Objectives: Intramedullary ependymoma is rare primary tumors in pediatric population as compared to their adult counterpart. WHO grade II pediatric intramedullary ependymoma (PIME) is commonest in frequency though less discussed pathological grade. The occurrence of these tumors along the spinal cord depends on age groups and histological subtypes. This study aimed to share the clinical experience and management outcome of grade II PIME from a tertiary care centre over the period of last ten years.

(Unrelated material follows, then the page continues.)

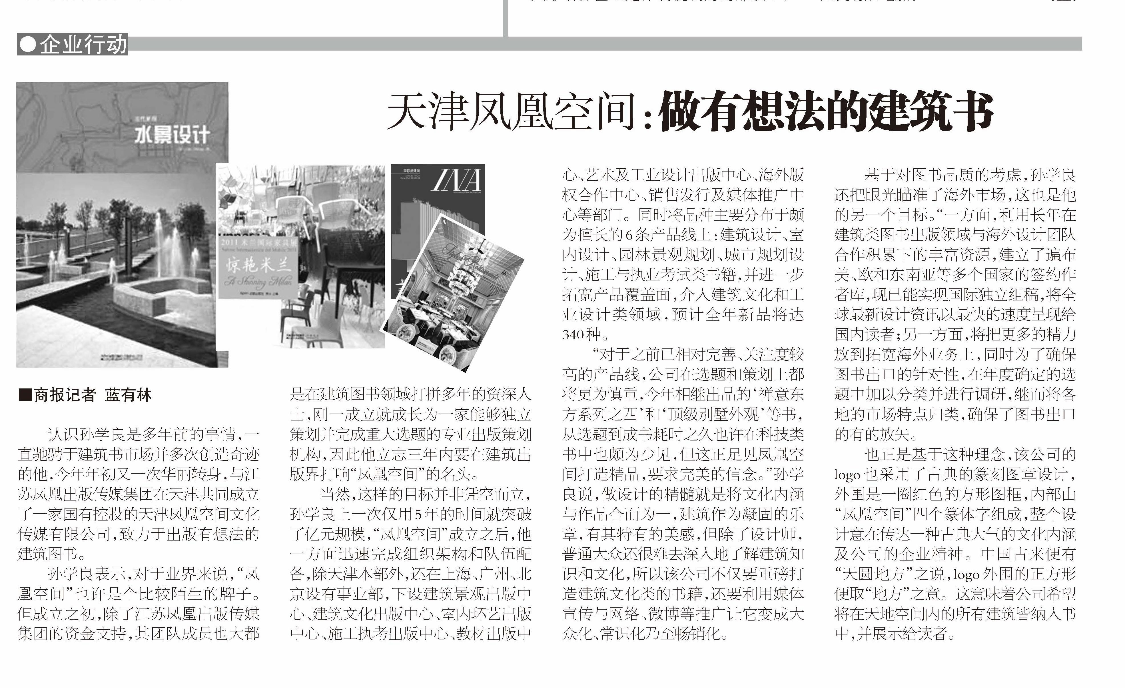 認(rèn)識孫學(xué)良是多年前的事情,一直馳騁于建筑書市場并多次創(chuàng)造奇跡的他,今年年初又一次華麗轉(zhuǎn)身,與江蘇鳳凰出版?zhèn)髅郊瘓F在天津共同成立了一家國有控股的天津鳳凰空間文化傳媒有限公司,致力于出版有想法的建筑圖書。

Materials and Methods: The clinico-radiological details of all histologically proven, newly diagnosed primary pediatric intramedullary ependymoma who underwent management were collected. Recurrent lesions and other spinal cord tumors were excluded. Specific details included: documentation of symptom complex such as intensity of pain at presentation, neurocutaneous stigmata and associated orthopedic deformity (if any) at the time of admission and subsequent follow-up visits at 6 weeks, 6 months and later on yearly basis as per the department policy. Patients with urinary complaints at the time of admission were subjected to urodynamic studies to rule out associated urological disorder. Patients who become symptomatic at the time of growth spurts were evaluated for associated thickened filum terminale. The data were analyzed by using appropriate statistical tests.

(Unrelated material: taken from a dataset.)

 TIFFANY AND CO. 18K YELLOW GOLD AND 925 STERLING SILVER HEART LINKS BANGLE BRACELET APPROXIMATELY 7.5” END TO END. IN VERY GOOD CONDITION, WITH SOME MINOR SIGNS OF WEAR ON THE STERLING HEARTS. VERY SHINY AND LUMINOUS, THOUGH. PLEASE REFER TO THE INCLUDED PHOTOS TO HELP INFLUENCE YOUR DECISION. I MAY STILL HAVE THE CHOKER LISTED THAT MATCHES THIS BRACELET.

Results: The mean age of the study population was 16.3–4.0 years. In our study, mean and median follow-up period was 42.1 months and 31.0 months (range of 2–126 months). The mean survival time of the patients was 119.11 months ( 95% CI= 106, 132). The male to female ratio was 2:1. Pain was noticed in 14 patients [14/18(77.8%)] and 4(22.2%) patients were ambulant at the time of admission. 15(83.3%) patients undergone total excision and subtotal excision was achieved in three patients. After surgical decompression of tumor, there was significant improvement in the modified McCormick’s grade, when median score compared between preoperative period and last follow-up visits [4(2.8-4) Vs. 2(2-3), P= 0.001]. There was one surgical mortality with two symptomatic recurrence after surgical resection.

Conclusions: This study emphasizes early maximal safe resection for the symptomatic patient to achieve a better outcome. Molecular and genetic makeup of the histological subtypes play vital role in deciding the morphology of tumor and recurrence-free survival. Age, gender and vertical extension of tumor have a debatable impact on the overall outcome in PIME.